Разумеется, фантазия не может быть сведена к этим трем типам, а они, в свою очередь, не проявляются в чистом виде. Как я предполагаю, фантазия о соблазнении у де Кирико имеет кастрационный аспект, первосцена у Эрнста одновременно связана с соблазнением, а кастрационная фантазия Джакометти начинается как желание внутриутробного существования. Также эти фантазии испытывают влияние маскирующих воспоминаний и сознательного оформления; они, таким образом, первичны не во временно́м, а в структурном смысле. Однако именно в силу этого первофантазия способна пролить свет на сюрреалистическое искусство. В качестве преимущественно визуального сценария, в котором психическое, сексуальное и перцептивное связаны воедино, первофантазия во многом объясняет специфические изобразительные структуры и объектные отношения сюрреализма — в частности, то, почему позиция субъекта и пространственная организация здесь редко бывают фиксированными.

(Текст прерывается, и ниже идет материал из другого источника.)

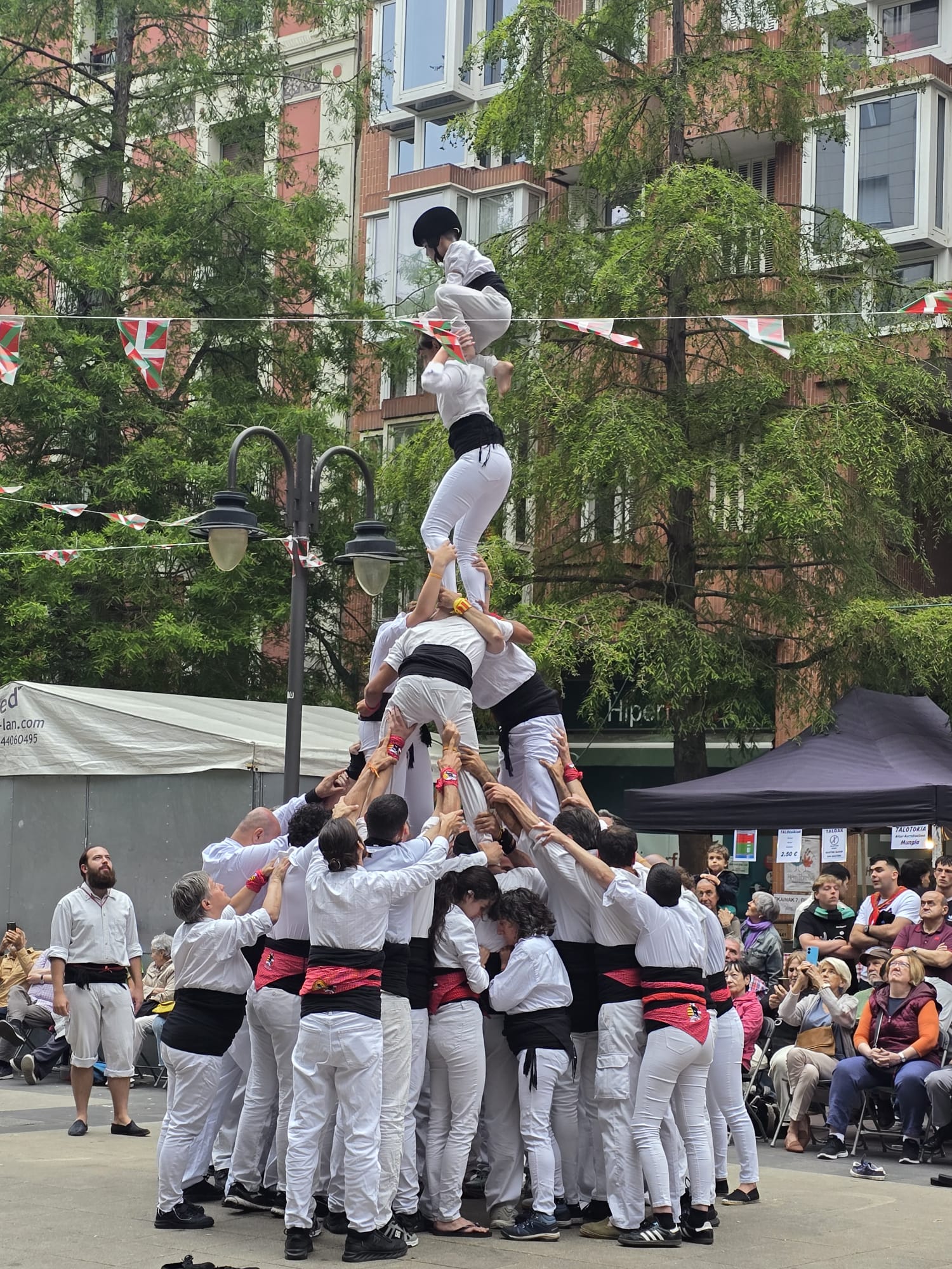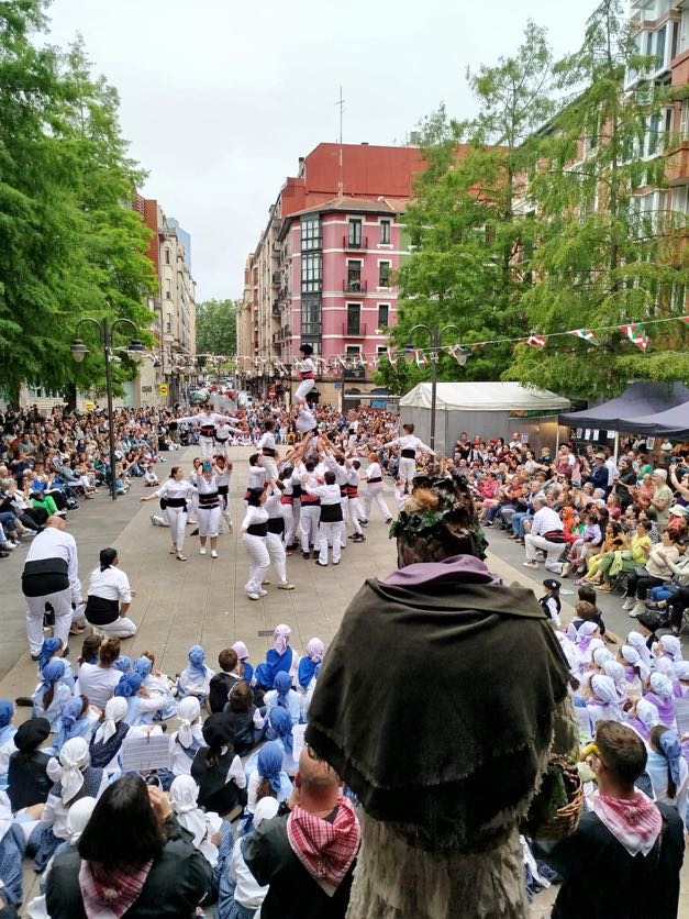 A més a més, "de vesprada vam fer cercavila amb el Mal Passet i el grup de danses Salbatzaile des de la seua seu fins a la plaça del Funicular. Allà vam gaudir de diferents danses populars basques, vam fer fins a 9 figures diferents, que jo crec que van deixar impressionats els més de 1.000 assistents que hi havia a la plaça. Després, parlant amb ells, vam saber que els havia impressionat la nostra xicalla, que va coronar figures de 4 alçades, la varietat de les diferents muixerangues que fem i la gràcia de la figuereta, que és la figura coronada per un muixeranguer cap per avall. També ens van dir que es van emocionar molt quan, en la figura final, vam desplegar la nostra senyera amb la ikurriña, un cartell a favor del valencià (que està sent menyspreat pel govern autonòmic de dretes actual) i la bandera de Palestina, que vam mostrar per conscienciar sobre el que està patint el poble palestí".
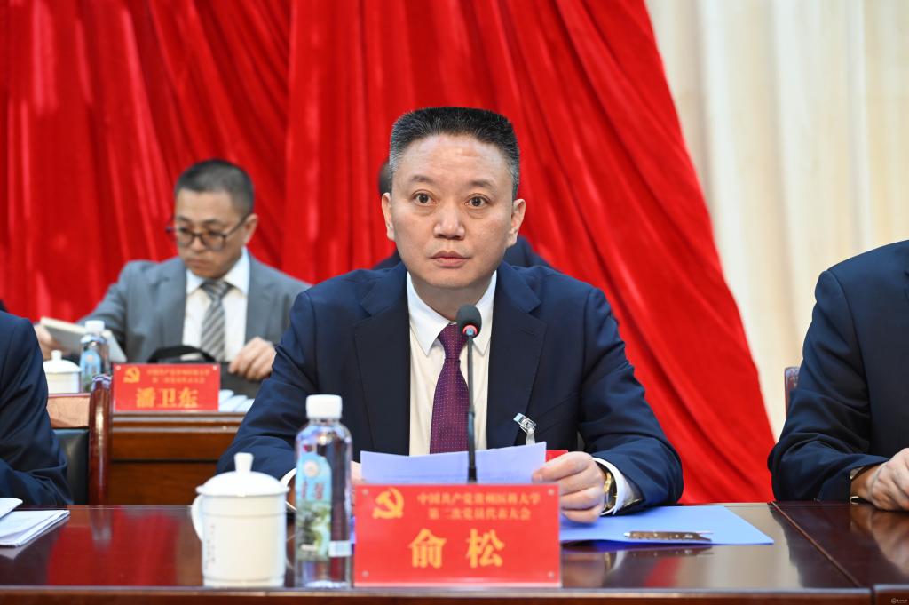 上午10时30分,大会在雄壮的国歌声中开幕,全体代表起立,奏唱中华人民共和国国歌。校党委书记汤磊代表中国共产党beat365唯一官方网站第一届委员会向大会作报告。校党委副书记、校长俞松主持开幕会。
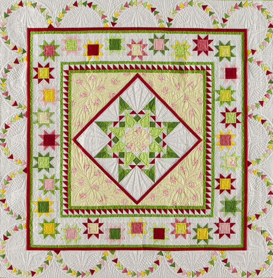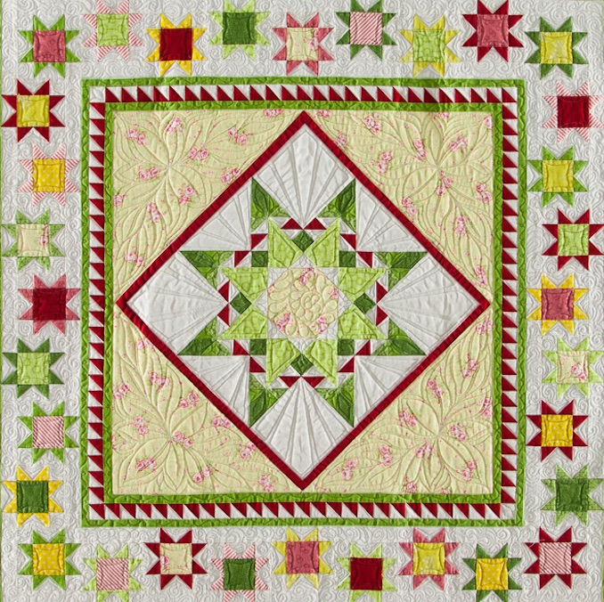 Join us on a new 12-month journey as we bring you bring you another spectacular quilt designed especially for TQS by Sue Garman (click here to learn more about Sue). The 2017 TQS BOM Halo Medallion Quilt features a stunning variation of a feathered star surrounded by multiple scrappy borders. As icing on the cake she has included flying geese rings and delectable mountain blocks. Once again Sue has created a quilt for you that is sure to be a family heirloom in your home.
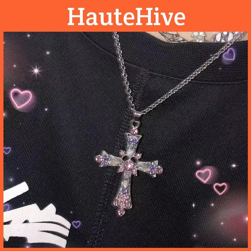 Cross Rhinestone Pendant Necklace Trendy Alloy Jewelry Women Gift Decoration
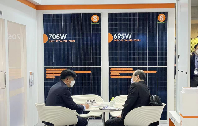 其中旗艦產(chǎn)品210NHJT單玻半片組件功率最高可達(dá)705W,效率更是突破23.02%,可為日本市場帶來更加高效、高能的全新體驗,並擁有5-10倍的IEC標(biāo)準(zhǔn)檢測,以及優(yōu)異的抗PID性能;210NTOPCON單玻半片組件采用66片設(shè)計,功率達(dá)到695W,作為成熟市場的優(yōu)質(zhì)之選,可提供12年質(zhì)量保證和30年發(fā)電效率保證。除此之外,其他4 款差異化的產(chǎn)品也獲得了眾多觀眾的青睞。
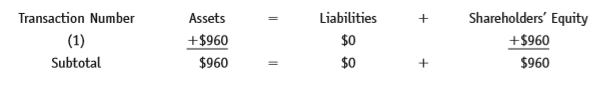 Transaction Number Assets Liabilities Shareholders' Equity (1) +$960 $0 +$960 Subtotal $960 $0 + $960
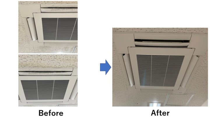 施工後は、吹出口まわりと天井面の汚れが改善され、空調設備まわり全体がより衛生的な状態に整いました。
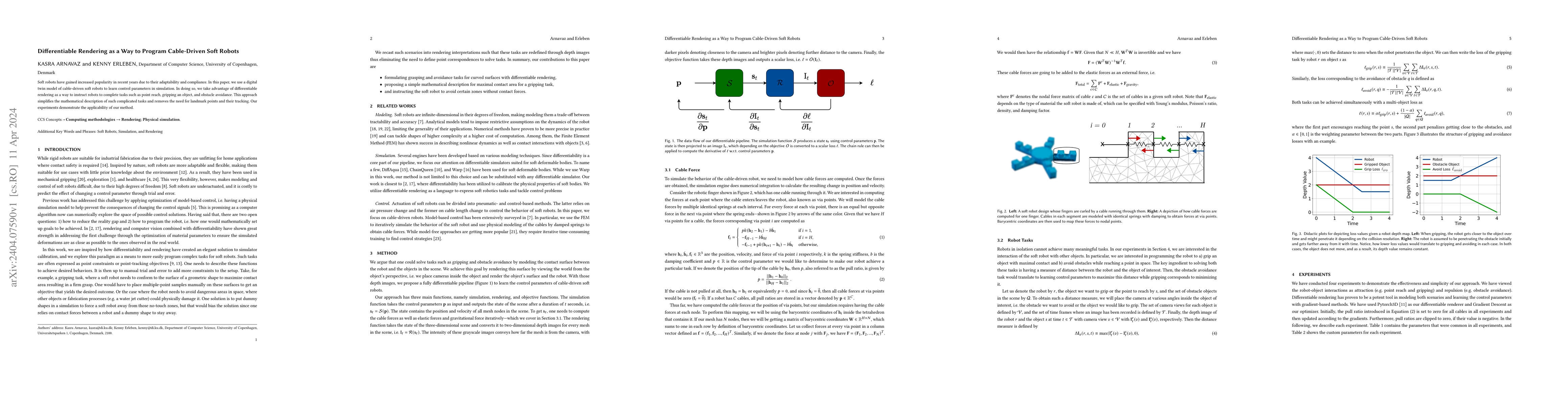 The paper introduces a novel approach to programming cable-driven soft robots using differentiable rendering, simplifying complex tasks through depth image-based formulations.
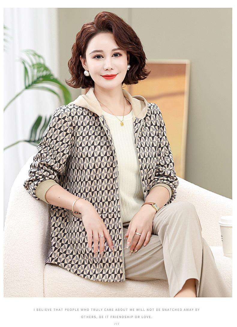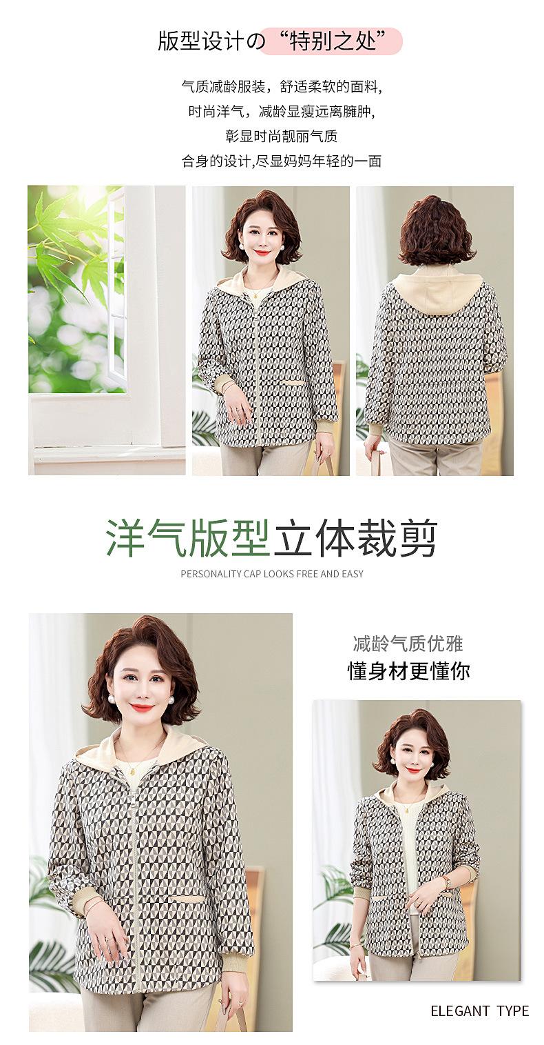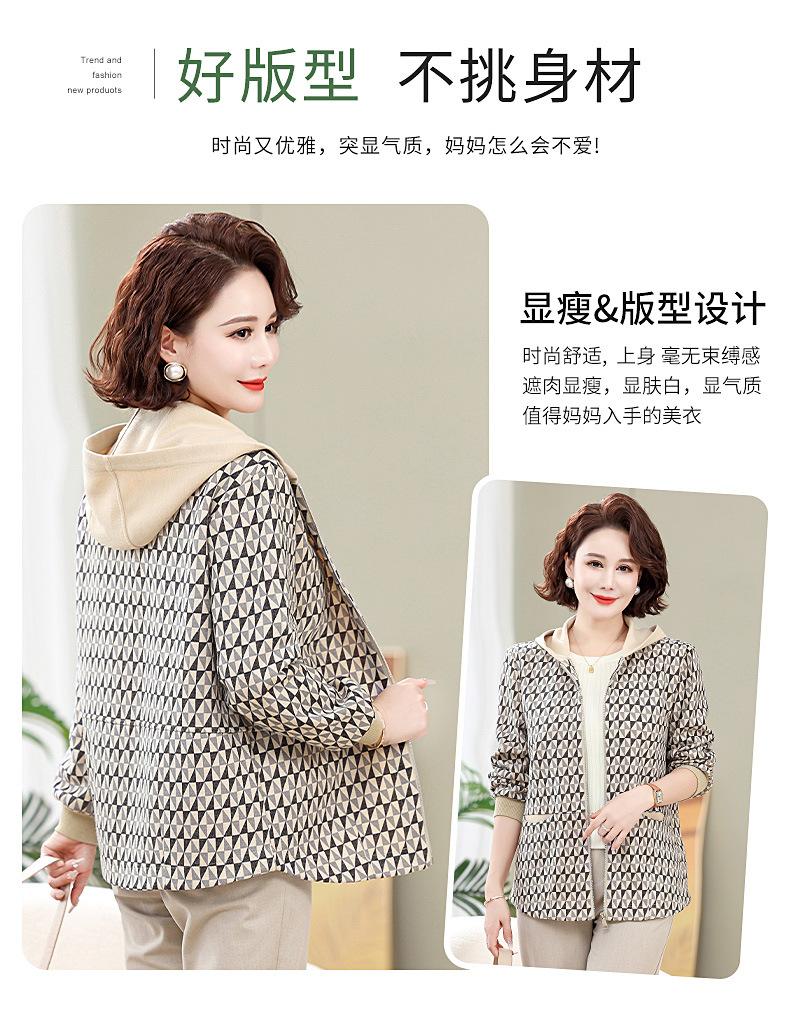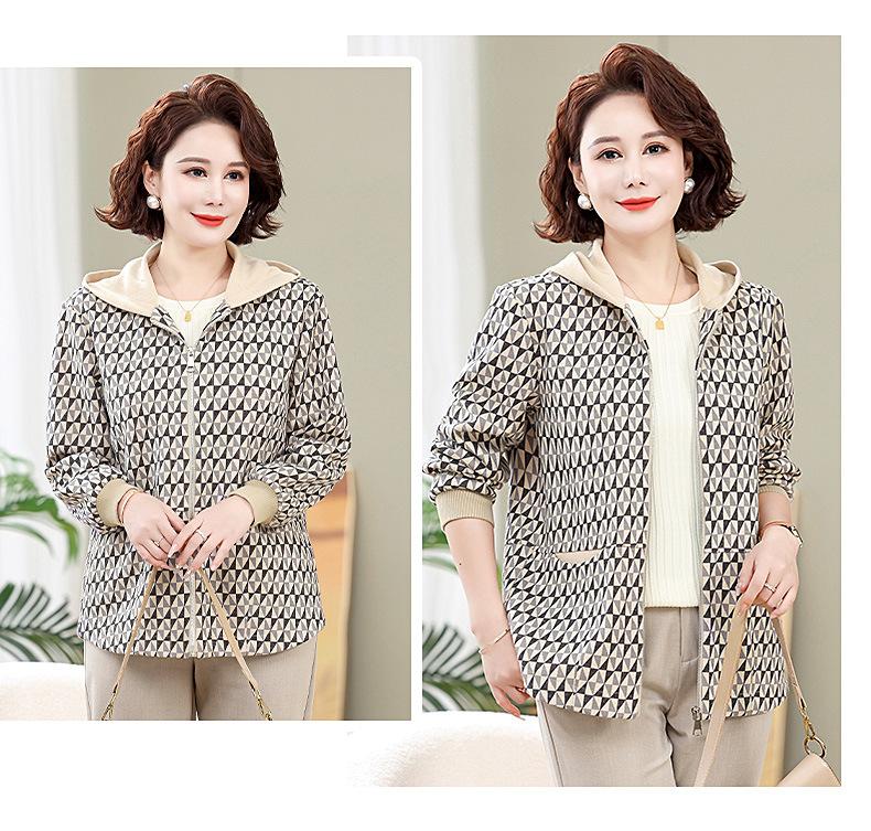 Jaqueta com Capuz Nova de Primavera e Outono Roupa de Mãe 2025 Nova Jaqueta com Zíper Tops para Mulheres de Meia-Idade e Idosas Atacado
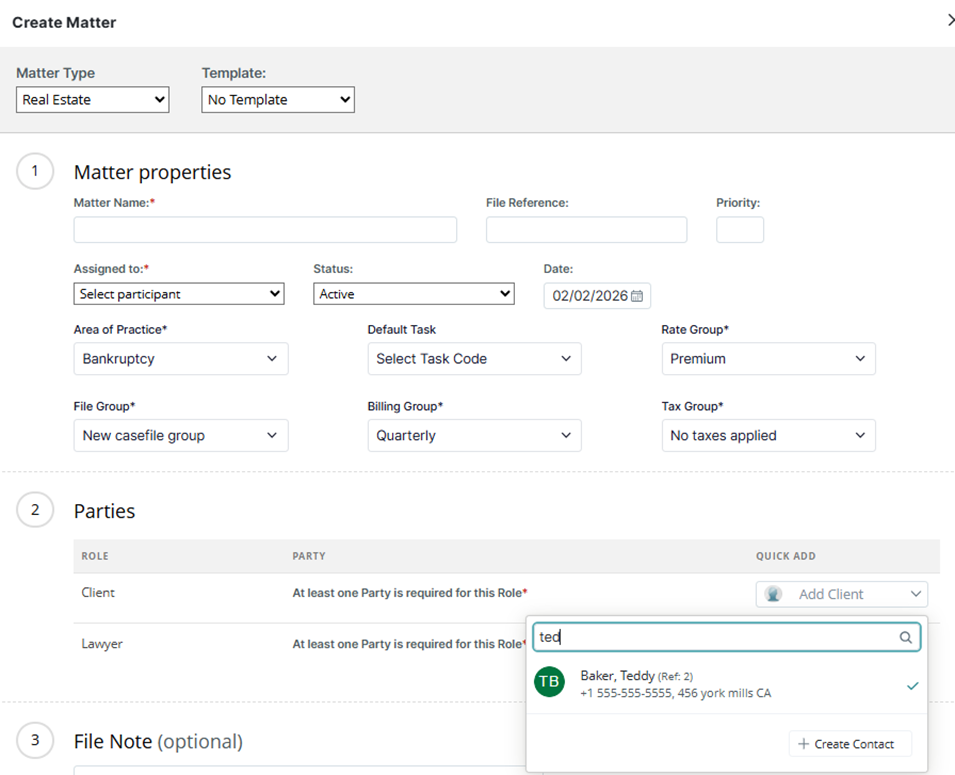 In the Parties section, perform a lookup for the clients you wish to associate with the matter. The first client added to the matter becomes the primary client on file and assumes 100% of the invoice until billing percentages are established for the co-clients in Legal Accounting.
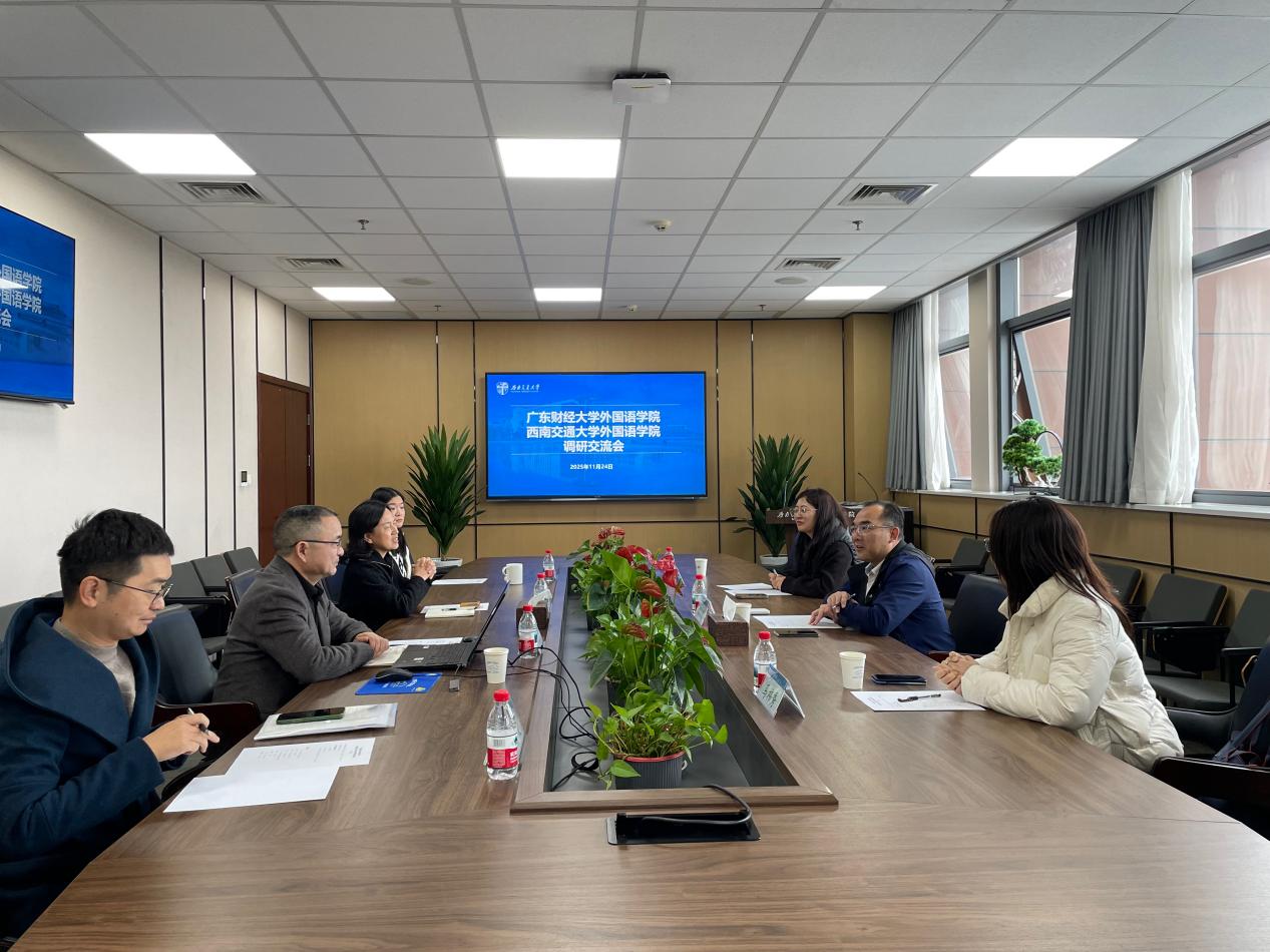 在西南财经大学的调研中,双方就各自在大学英语教学、专业课程设置方面的做法与经验进行了充分交流,并重点围绕 “人才出口”导向的培养模式、外语专业如何与学校财经特色深度融合以及招生就业工作面临的挑战与对策等核心议题展开了热烈讨论。龚义荣书记介绍了广财外国语学院的发展历程与现状,并表示西南财经大学外国语学院在依托学校财经学科优势、打造特色方向方面的成功经验值得深入学习。

Сцена грезы, или сна наяву, например, относительно стабильна, поскольку эго при этом занимает относительно центрированную позицию. Другое дело — первофантазия, где субъект не только пребывает внутри сцены, но и может идентифицировать себя с любым из ее элементов. Такое соучастие делает субъекта подвижным, а сцену эластичной, потому что фантазия — это «не объект желания, а его подмостки», его мизансцена[193]. Фантазматические субъективность и пространственность такого рода обнаруживаются в сюрреалистическом искусстве, где первая часто пассивна, а вторая часто перспективно скошена или анаморфически искажена[194].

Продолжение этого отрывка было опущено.